While it’s fun to sneak it into unexpected comfort foods like zucchini pizza crust, zucchini fries, and zucchini chips, you’ll even more commonly find me cooking simple roasted zucchini squash (or sauteed zucchini!) as a side dish to pair with a low carb dinner.
If you don’t know how to roast zucchini in the oven yet, you’re missing out, and it’s time to fix that right away. Happy summer… I mean, happy zucchini season!
Why You’ll Love This Oven Roasted Zucchini Recipe
- Summery veggie flavor
- Tender texture with caramelization
- Super easy to make
- Just 4 simple ingredients (plus salt and pepper)
- Ready in less than 30 minutes
- Perfect healthy side dish that’s naturally low carb and gluten-free

Ingredients & Substitutions
This section explains how to choose the best ingredients for cooking zucchini on the stove top, what each one does in the recipe, and substitution options. For measurements, see the recipe card below.
- Zucchini – You’ll need 2 pounds of zucchini for this roasted zucchini recipe. You can also make the same dish using yellow squash, patty pan squash, or try roasted zucchini and squash together.
- Olive Oil – Adds flavor and helps the zucchini brown. Avocado oil can be used as well.
- Italian Seasoning – I make my own Italian seasoning mix, but store bought works, too. You could also make these with Cajun seasoning, lemon pepper seasoning, or even taco seasoning. Another option is to chop up some fresh herbs instead — use 1/2 to 1 tablespoon for this recipe. (And let’s be honest, plain salt and pepper are totally delicious, as well.)
- Garlic Powder – The powder works best, as fresh garlic would burn in the high heat of the oven. Granulated garlic, which is like garlic powder but more coarse, also works but you’d need a bit more of it.
- Salt & Pepper – I use sea salt for all my recipes, but kosher salt is fine as well.
VARIATION: Add parmesan cheese or lemon juice!
- Lemon juice – Add 1-2 tablespoons of lemon juice along with the olive oil.
- Parmesan – Simply toss the zucchini in 1/4 to 1/3 cup grated parmesan before roasting, or sprinkle it on top afterward if you prefer. For a thicker parmesan cheese breading, try parmesan zucchini fries.
How To Roast Zucchini In The Oven
This section shows how to bake zucchini in the oven, with step-by-step photos and details about the technique, to help you visualize it. For full instructions, including amounts and temperatures, see the recipe card below.
The method is very similar to cooking any other kind of roasted vegetables, including other summer squashes like patty pan squash and yellow squash.
- Cut zucchini into spears. Simply cut off the ends of the zucchini and then cut each one across in half, making 2 shorter cylinder-shaped pieces. Cut each piece lengthwise 4 times, making 8 sticks out of each larger piece. See below for a visual.
- Season zucchini. In a large bowl, toss the zucchini sticks with olive oil and season with Italian seasoning, garlic powder, sea salt and black pepper. Toss to coat.

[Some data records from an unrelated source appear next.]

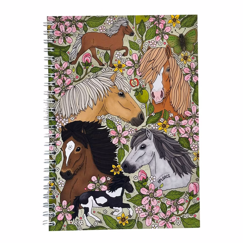 Spiralblock i A5-format. Detaljrik tecknad framsida med islandshästar och äppelblom. Blocket innehåller 50 st randiga sidor med motiv längst ner. Det härliga motivet följer med till insidan av pärmen. Anteckningsbokens baksida är utan tryck.
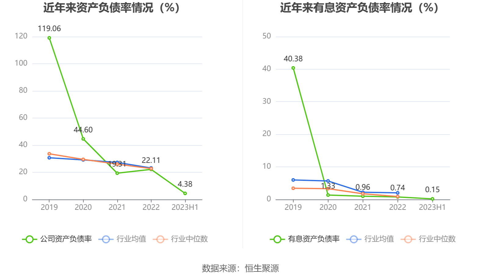 偿债能力方面,公司2023年二季度末资产负债率为4.38%,相比上年末减少17.73个百分点;有息资产负债率为0.15%,相比上年末减少0.59个百分点。
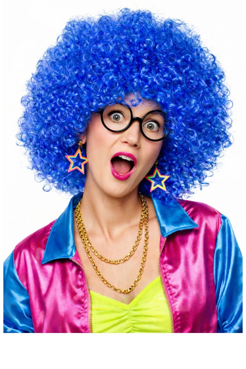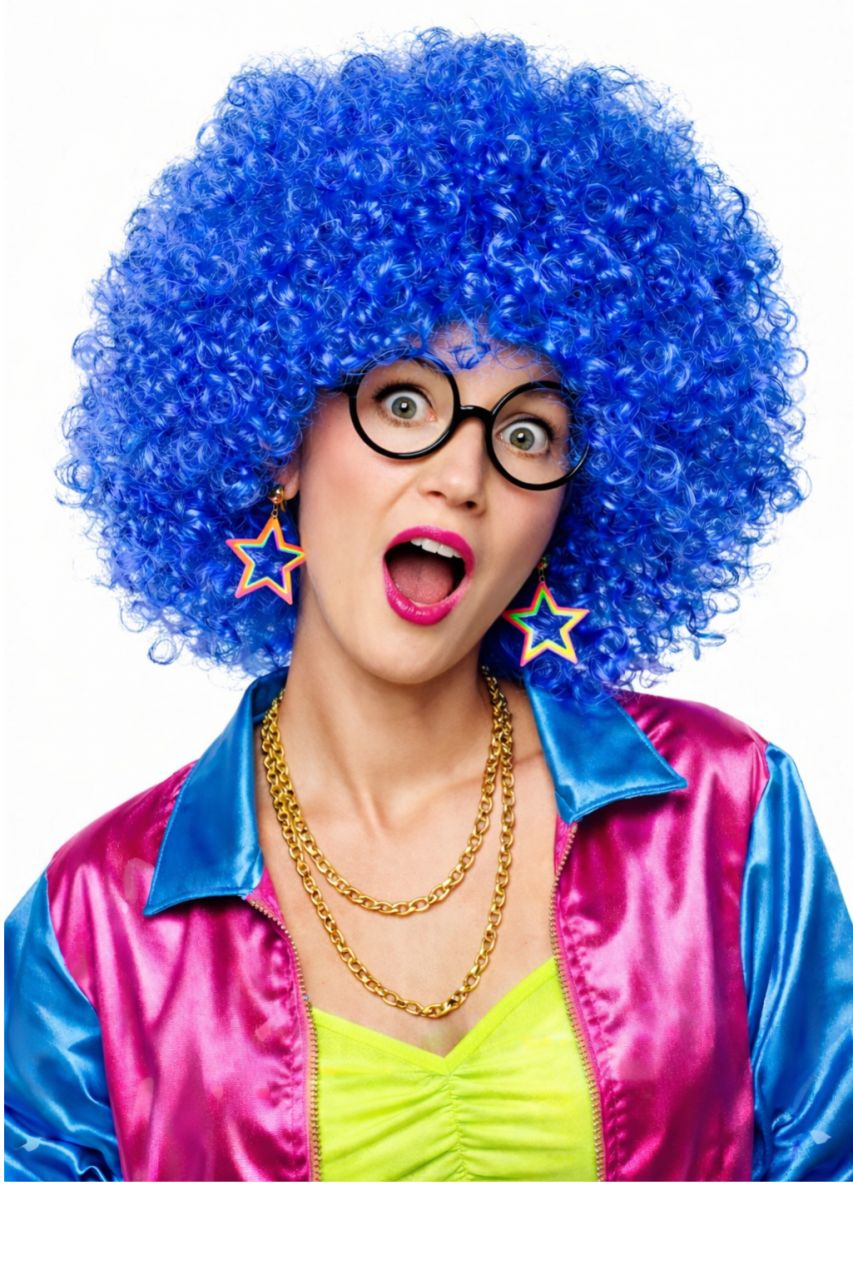 Świetna peruka AFRO niebieska to wykonana ze sztucznych włosów bujna ozdoba na głowę. Burza loków i rozwichrzone pukle w neonowym odcieniu sprawdzą się w przypadku wielu imprez towarzyskich. Kostiumowy sylwester w rytmie funky i R&B, urodziny z motywem przewodnim boogie i karnawał w stylu DISCO. Barwna peruka niebieska AFRO doskonale dopełni również strój zabawnego klauna. Jesteśmy przekonani, że nie będzie to jednorazowa przygoda z niebieskimi lokami. Fryz afro ma za sobą długą historię. Pamiętaj, że nie jest to tylko przykuwający uwagę wygląd. To przede wszystkim miłość do muzyki i radość w sercu.
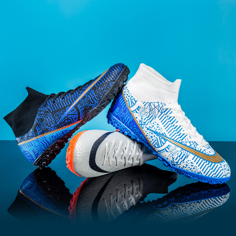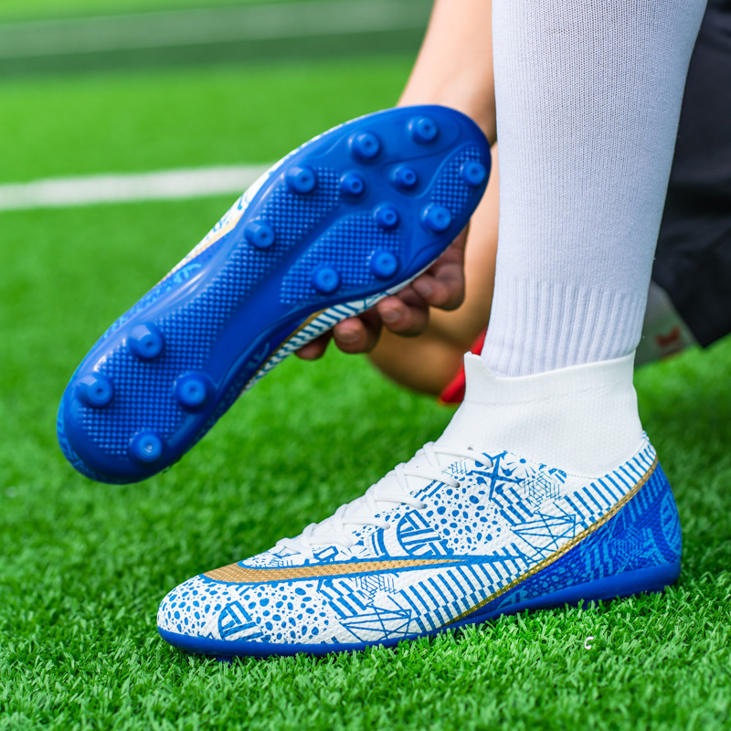 남성과 여성을 위한 크로스보더 하이탑 축구화, 성인용 인조잔디 스파이크, 학생 경기 트레이닝화 2398

- Arrange. Place zucchini sticks in a single layer on a baking sheet, with spaces between them. (You can line the pan with aluminum foil or parchment paper if desired. Cooking spray is recommended if using foil or an unlined pan.)
- Roast zucchini in the oven. Bake until tender, flipping halfway through. I like to serve roasted zucchini with a sprinkle of fresh parsley.

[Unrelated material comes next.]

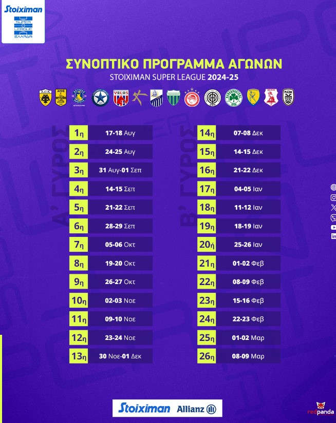 «Δείτε το ετήσιο συνοπτικό πρόγραμμα αγώνων της κανονικής περιόδου του Πρωταθλήματος Stoiximan Super League 2024-25, το οποίο εγκρίθηκε ομόφωνα στη συνεδρίαση του Διοικητικού Συμβουλίου της Super League της 10ης Ιουλίου 2024.
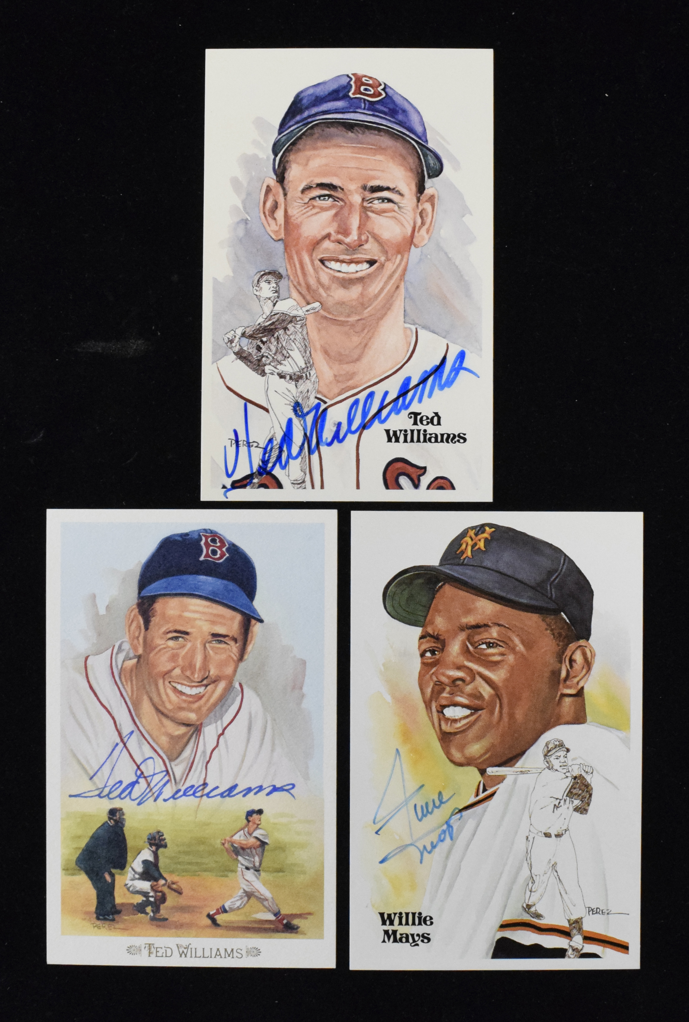 Description:"Lot of (3) autographed Perez-Steele postcards, with (2) Ted Williams and (1) Willie Mays (Sigs. NM/MT-MT). High-value assortment of signed postcards produced in the 1980s and 1990s by Perez-Steele Galleries. Includes (2) 1981, individually signed by Willie Mays and Ted Williams and (1) 1996 Celebration postcard signed by Ted Williams. Signatures rate 8/9 out of 10, and postcards range VG/EX-NM. "

How Long To Roast Zucchini At 400?
Roasted zucchini spears in the oven take about 15-20 minutes at 400 degrees F, flipping halfway through for best results. If you like it a little more crisp tender, cook for a few minutes less. If you like it a little softer, cook for a few minutes more! How long you should bake zucchini can also vary depending on the thickness of the spears, so keep an eye on them.
How To Roast Zucchini Without It Getting Soggy?
Due to their high water content, the key to perfect roasted zucchini is high heat. Roast at 400 degrees F, and not for too long. The roasting time will vary depending on the size and shape of your zucchini pieces, so check on it occasionally.

TIP: Broil your zucchini at the end for extra browning.
This will give it a golden color without making it soggy.
Can You Make Roasted Zucchini Slices?
Sure, you can roast zucchini rounds, too! Just slice your zucchini into 1/4-inch slices instead of spears, then follow the same instructions.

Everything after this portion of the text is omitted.